Schlegel: What type of clients do you serve?

Frantz: The majority of clients are individual investors, but we also serve institutions as well. We run our own investment strategies using separately managed accounts. We have a growth equity strategy, a dividend equity strategy and four tactical strategies where we use ETFs, and we can do bonds any number of ways such as customized fixed-income ladders. And we also do bond ETF strategies with smaller accounts that may not be able to get enough diversification by using individual bonds.

Our average clients generally have between $1 million to $3 million with us, though we have clients as low as $500,000 and those up to—and more than—$20 million.

Schlegel: Which types of clients do you typically use ETFs with?

Frantz: They’re used for both individuals and institutions, but I would say ETFs are primarily used for our individual clients and are used in a tactical manner to get exposure to different markets, themes and sectors.

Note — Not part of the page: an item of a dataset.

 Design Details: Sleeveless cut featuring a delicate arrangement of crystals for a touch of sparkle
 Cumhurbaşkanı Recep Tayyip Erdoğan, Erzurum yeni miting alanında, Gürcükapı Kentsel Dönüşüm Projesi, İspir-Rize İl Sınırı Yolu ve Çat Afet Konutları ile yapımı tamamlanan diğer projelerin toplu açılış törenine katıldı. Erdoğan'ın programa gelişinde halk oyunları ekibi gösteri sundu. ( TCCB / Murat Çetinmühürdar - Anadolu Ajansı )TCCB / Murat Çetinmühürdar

They’re also used as hedging tools, and as complements to other equity strategies.

We try to use ETFs with low expense ratios, and which are liquid and we can easily trade in and out of. That said, some of the international ETFs can have expense ratios north of funds like SPY and QQQ.

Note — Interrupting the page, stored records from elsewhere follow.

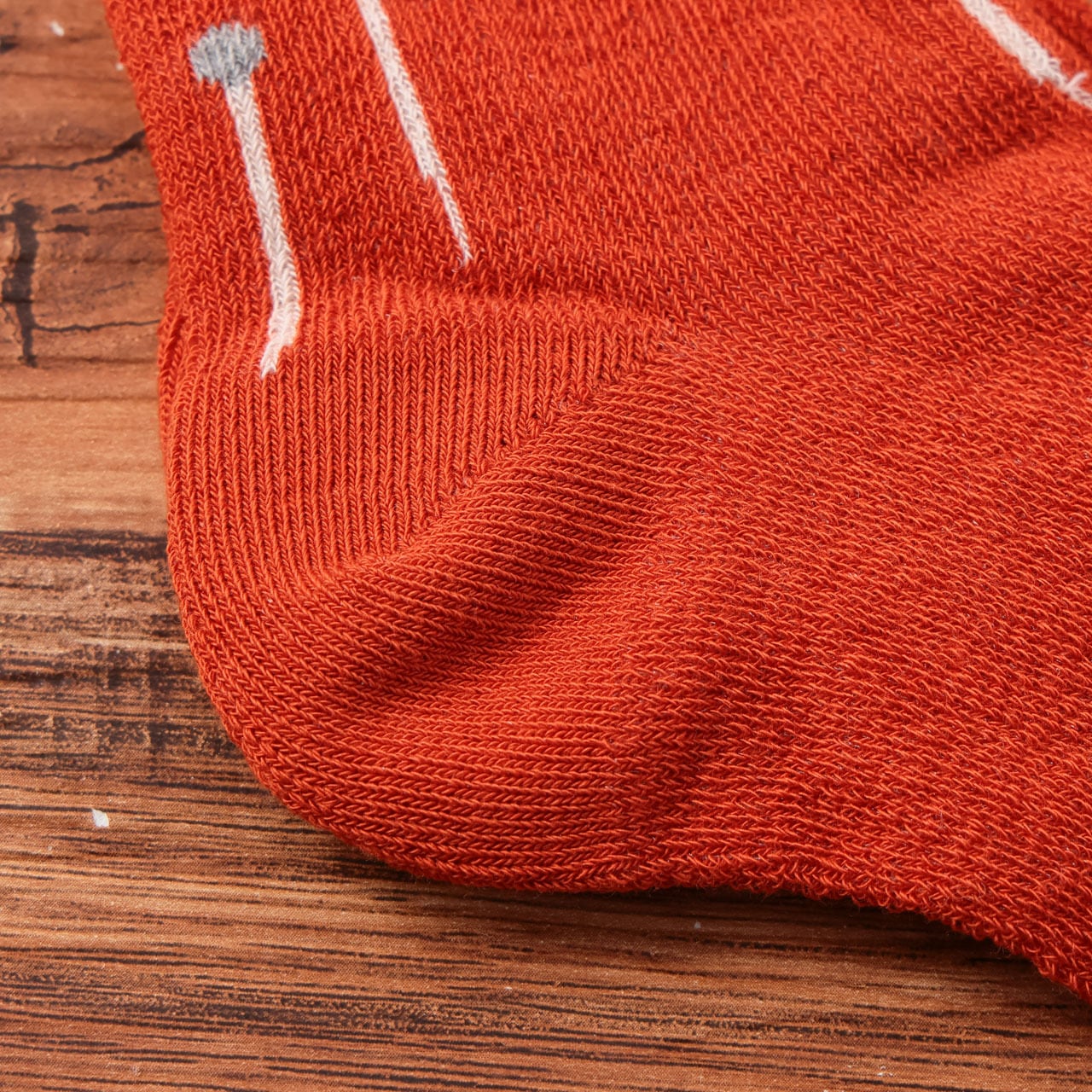 普通のくつしたより細い糸をたっぷり使い、大き目に編み立てたくつしたを蒸気にかけて縮めているため、
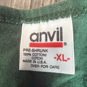 Dark green tee featuring a colorful wildflower / botanical graphic on front. Tag reads “Anvil Preshrunk 100% Cotton Made in USA.” Single-needle hem stitching. No branding on front aside from floral art. Soft, comfortable cotton. Casual, garden, nature, floral, botanical aesthetic. Perfect for layering or on its own.
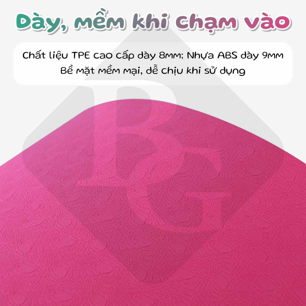 - Thảm Tập Gym Và Yoga 2 Lớp TPE Eco (6mm) là người bạn đồng hành cùng người tập Yoga với độ dày 6mm. - Mặt dưới có độ bán dính và bám sàn cao,
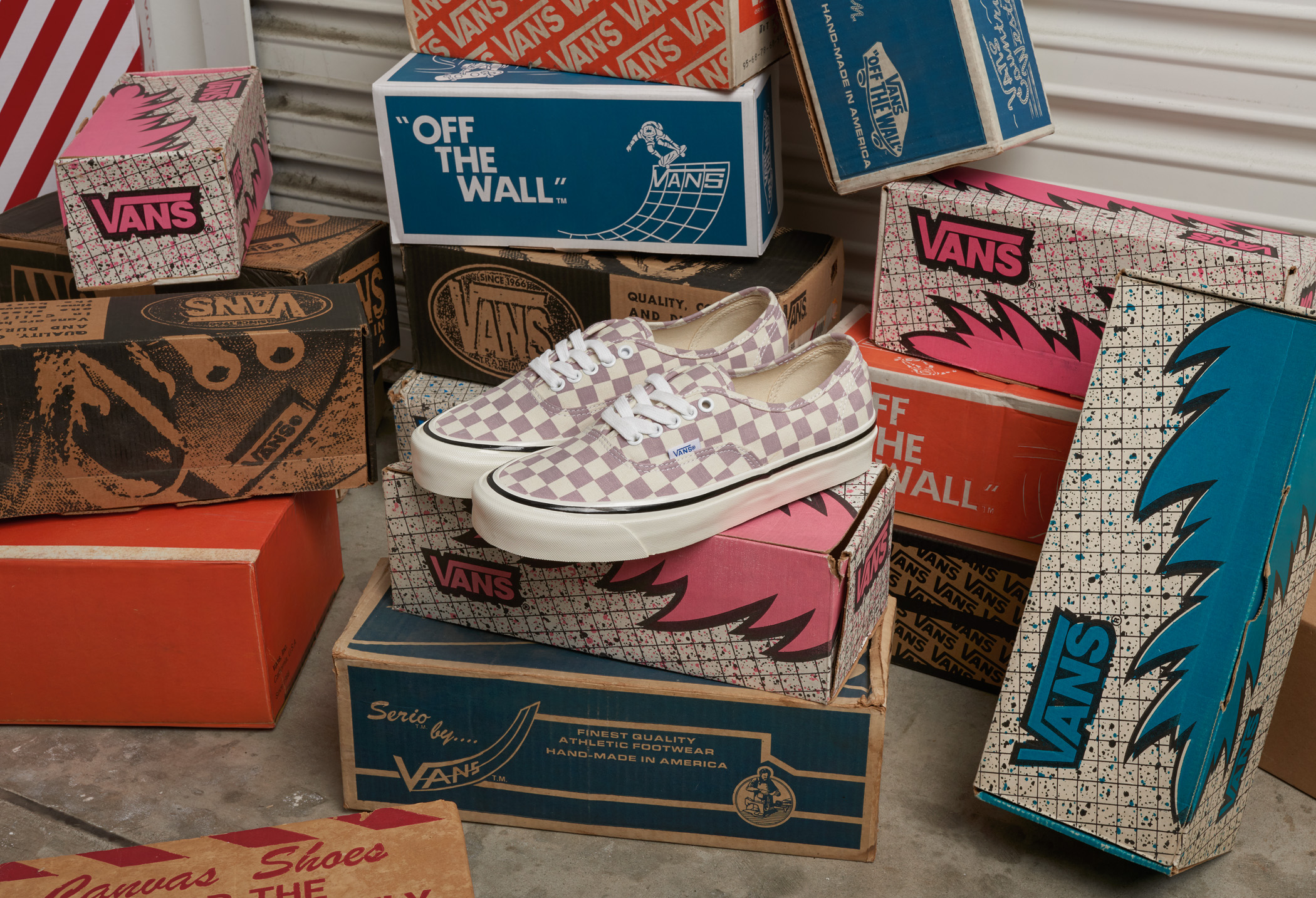 The Authentic 44 DX and Style 36 DX were developed to match the original construction of the Classics that were produced in the first Vans factory in Anaheim, California. Cotton laces, heavy 10 oz. canvas, style numbers, original drill lining found on the heel of each shoe and a higher glossed foxing tape that captures the sheen that came from the original vulcanization process, are all design elements that were seen over 51 years ago. As a nod to the retro styling, Vans designers dressed the Authentic 44 DX and Style 36 DX with Checkerboard in OG black and mauve colorways. Along with the timeless design, each model has been upgraded with an UltraCushÔ sockliner delivering modernized comfort.”

Schlegel: Your website says each client receives a customized portfolio. How do ETFs play a role in that?

Frantz: We start our on-boarding process by asking clients to fill out a risk-and-suitability questionnaire to give us a picture of their risk tolerance, goals and objectives. That guides us to the types and percentages of equities and fixed income in their portfolios. Then we look at how to complement these portfolios with our tactical strategies that use ETFs. We have a tactical dynamic strategy that goes in and out of the marketplace, and we use that as a hedging tool as well.

We manage that tactical dynamic strategy in a quantitative manner, and between four to six ETFs make up that strategy. And based on market conditions, we use our proprietary system to gauge when to get in or out of a particular ETF.